The answer must reproduce every record exactly, with all pictures omitted.

+++ Source records +++

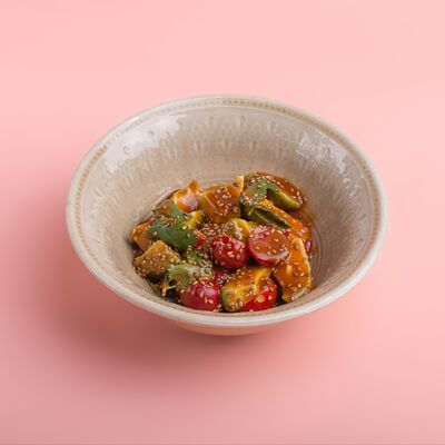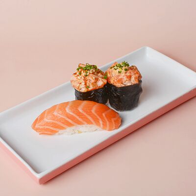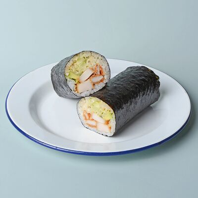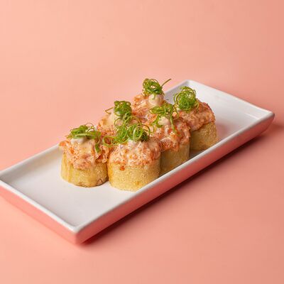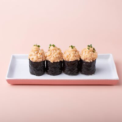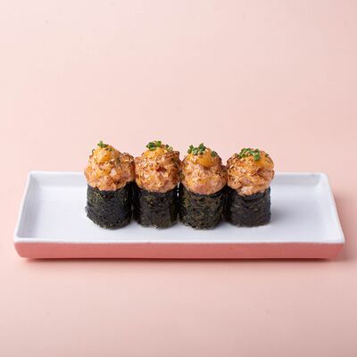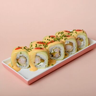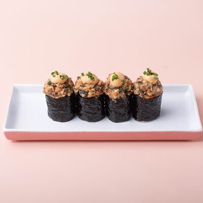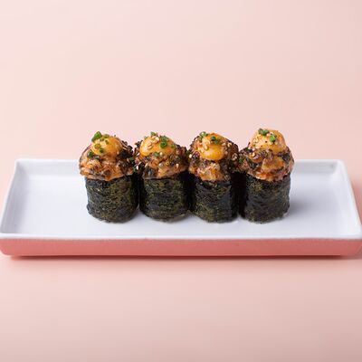Рис, сушидза (мицукан, мирин, сахар), угорь, нори, спайси соус (майонез, шрирача, чеснок, шичими, кунжутное масло, соевый соус), унаги соус, кунжут жареный, шнитт-лук (1 шт.)
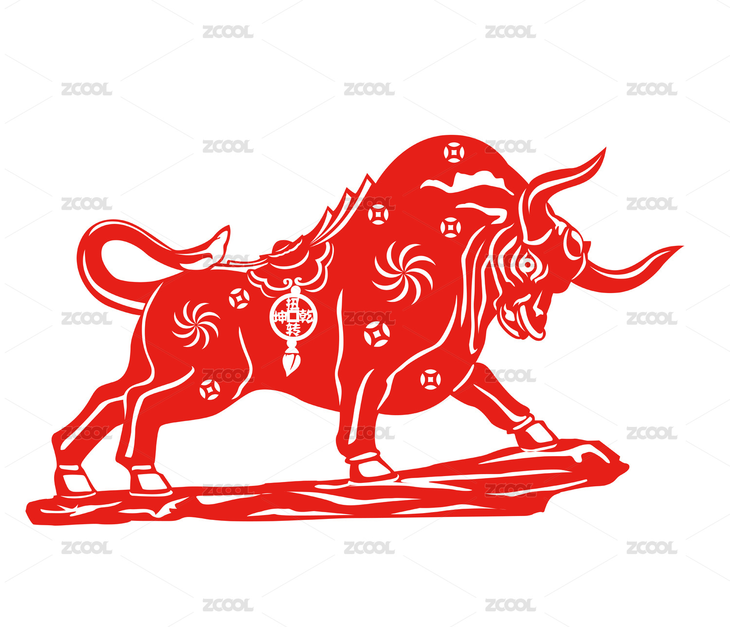 牛年剪纸中国传统剪纸牛红色窗花门贴
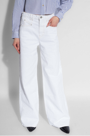 Isabel Marant的白色Lemony牛仔裤。拉链和纽扣开合。后面有标志贴花。四个插袋。直筒宽松裤腿。
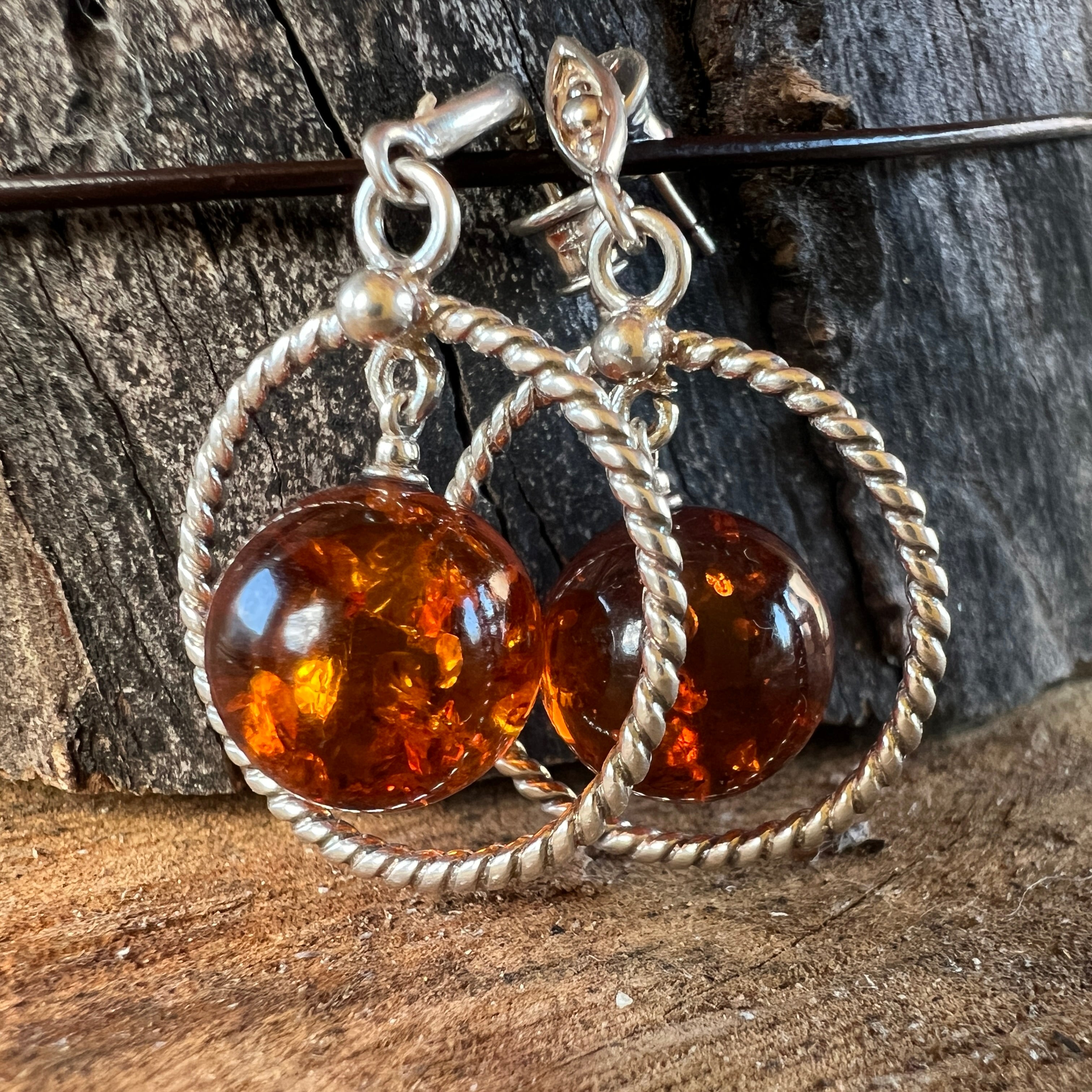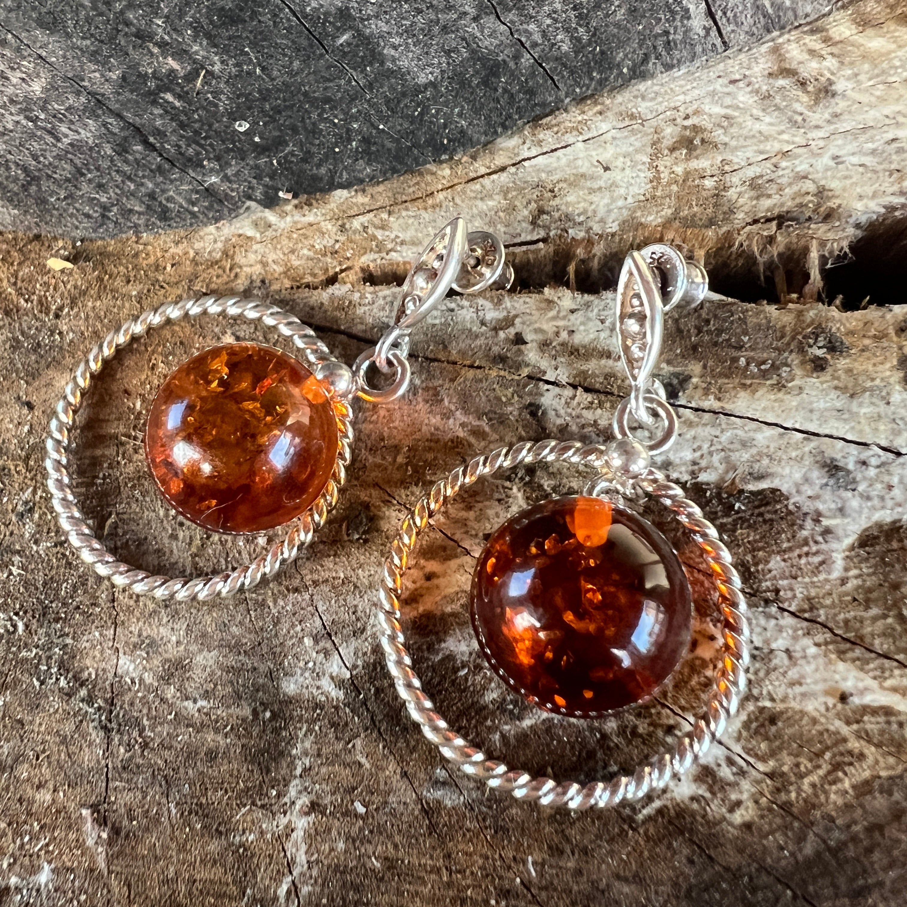 Ezüst fülbevaló borostyánnal Amber1
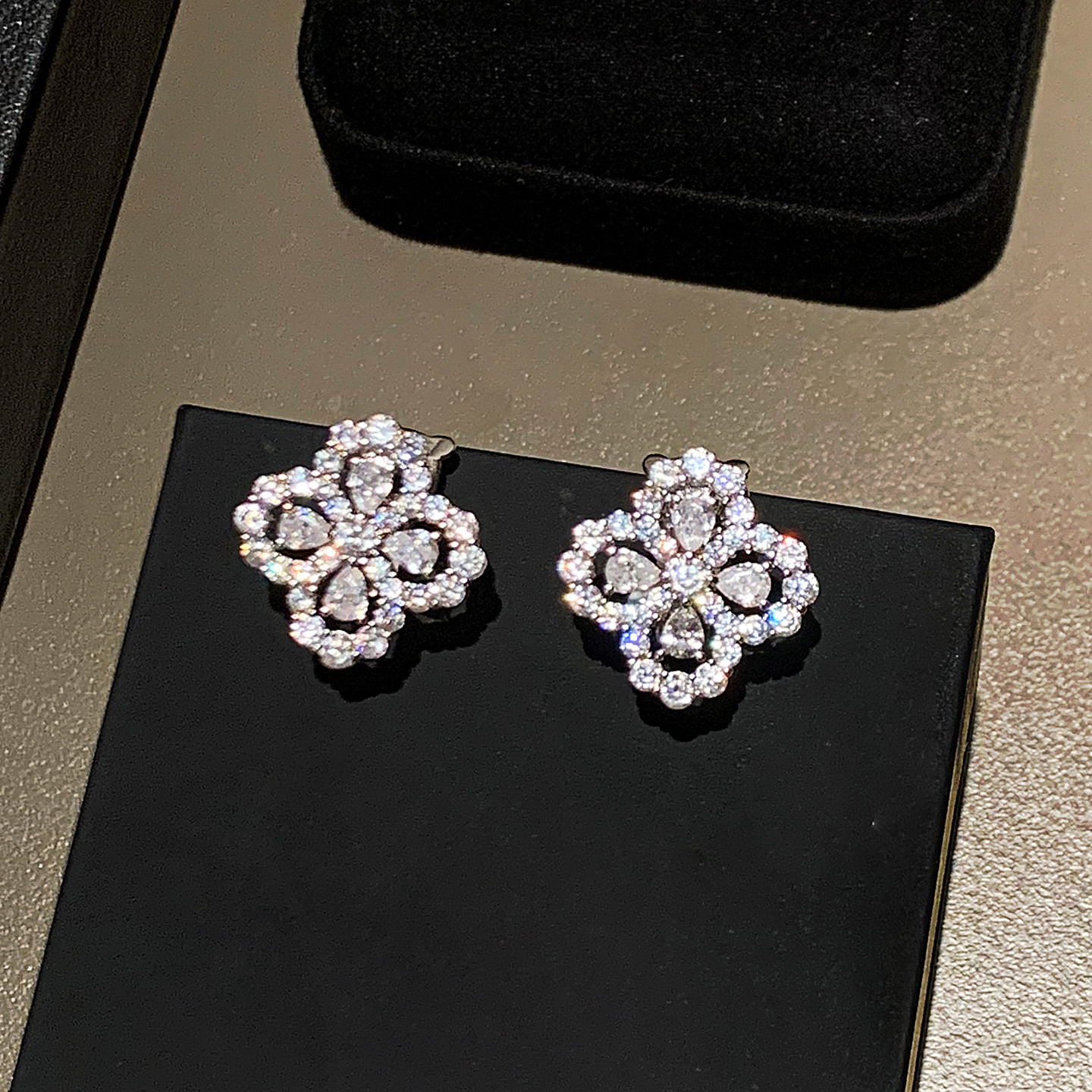 999 sterling silver French pop giant good-looking silver diamond four-leaf clover stud earrings women's high-end light luxury earrings earrings
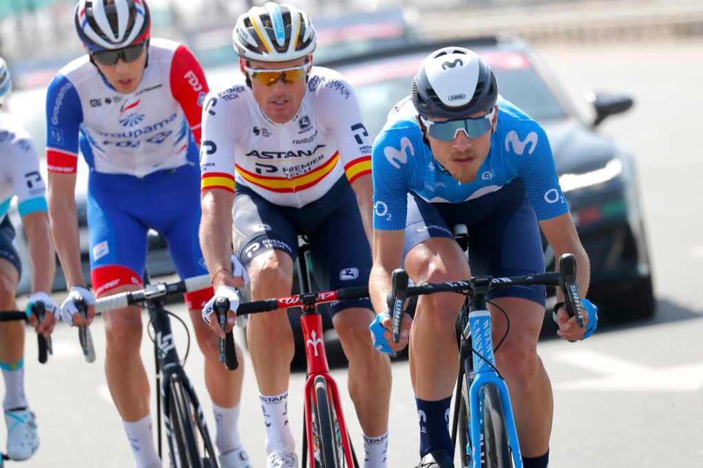 El más joven de la alineación del Movistar Team en tierras emiratíes, Iñigo Elosegui, se filtró en un potente grupo con Lutsenko, Sánchez (APT), Valter, Ladagnous (GFC) y Gallopin (ACT), una escapada que fue neutralizada a poco más de una veintena de kilómetros de la llegada tras unos intentos de abanicos, propiciados por Bora-hansgrohe, que redujeron sensiblemente su margen.
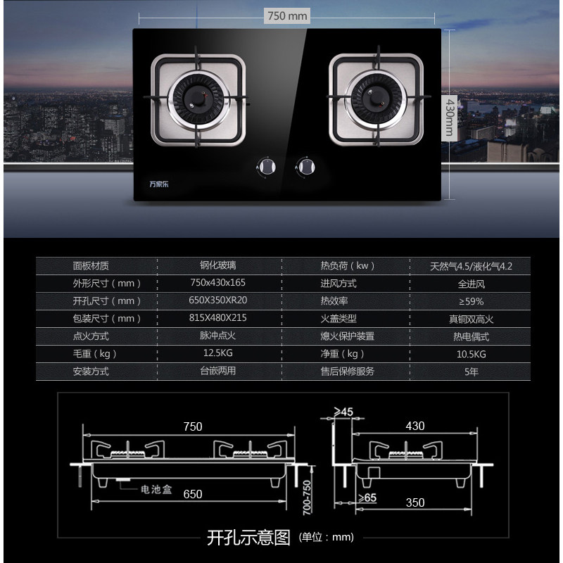 Wanjiale DG16 (B)+K461B+12T1 Диапазон газовая плита Дымовая плита Установите сжиженный газ природного газа сжиженным газом

+++

> Solution to the problem:
Рис, сушидза (мицукан, мирин, сахар), угорь, нори, спайси соус (майонез, шрирача, чеснок, шичими, кунжутное масло, соевый соус), унаги соус, кунжут жареный, шнитт-лук (1 шт.)
 牛年剪纸中国传统剪纸牛红色窗花门贴
 Isabel Marant的白色Lemony牛仔裤。拉链和纽扣开合。后面有标志贴花。四个插袋。直筒宽松裤腿。
 Ezüst fülbevaló borostyánnal Amber1
 999 sterling silver French pop giant good-looking silver diamond four-leaf clover stud earrings women's high-end light luxury earrings earrings
 El más joven de la alineación del Movistar Team en tierras emiratíes, Iñigo Elosegui, se filtró en un potente grupo con Lutsenko, Sánchez (APT), Valter, Ladagnous (GFC) y Gallopin (ACT), una escapada que fue neutralizada a poco más de una veintena de kilómetros de la llegada tras unos intentos de abanicos, propiciados por Bora-hansgrohe, que redujeron sensiblemente su margen.
 Wanjiale DG16 (B)+K461B+12T1 Диапазон газовая плита Дымовая плита Установите сжиженный газ природного газа сжиженным газом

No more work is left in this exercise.